Naturally, pepper seedlings have thicker leaves. But it has been shown that it is possible to

reduce leaf thickness and increase the proportion of leaf area to total plant mass by reducing

light incidence (Nilwick, 1981). These changes occur at the expense of the plant growth rate

and thus may be counter productive. Nevertheless, use of light shade (25-50%) during

seedling growth has been advocated to increase yield of pepper in a tropical environment by

maximizing leaf area production (Schoch, 1972). The author reported production of pepper

will increase with increasing irradiance, only as long as temperatures remain in the optimal

range, and plants have access to sufficient water.

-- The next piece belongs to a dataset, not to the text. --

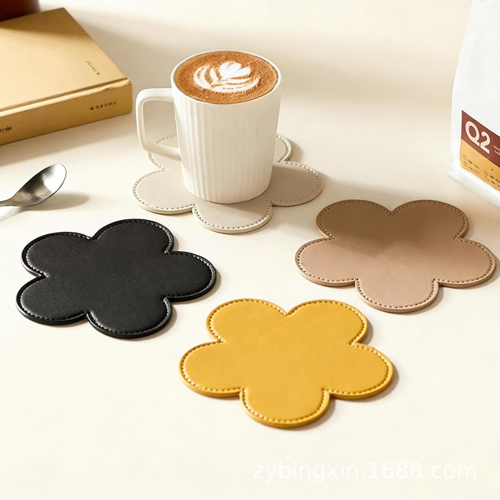跨境现货花朵pu皮革杯垫新款小清新花朵造型防烫隔热奶茶咖啡杯垫

Estimation of canopy photosynthesis over the whole growing period is suggested for a better

understanding of canopy response to environmental conditions and agronomic practices

(Pattey et al.,1991). Canopy architecture is a function of internal and external factors of the

plant and differences in canopy form may affect not only the amount of photosynthetically

active radiation intercepted by leaves, but also the efficiency of conversion of incident solar

radiation (Alvino et al.,1994).

Extremely reduced incident light during high light periods with shade can significantly

increase reproductive structures abscission pepper. Application of 80% shade to which crop

stayed for 10 days in the field has been reported to increase abscission from 23% in unshaded

to 60% in shaded (Wein, 1997).

Pepper fruits exposed to high intensity of sunlight after they have reached the mature green

stage of growth are susceptible to tissue damage and bleaching. The injury is caused by a

combination of heat and light. When tissue temperature rose to 50C, only a 10 minutes

exposure to intense light was sufficient to cause the damage, but similar level required at least

12 hr exposure at 38-40C.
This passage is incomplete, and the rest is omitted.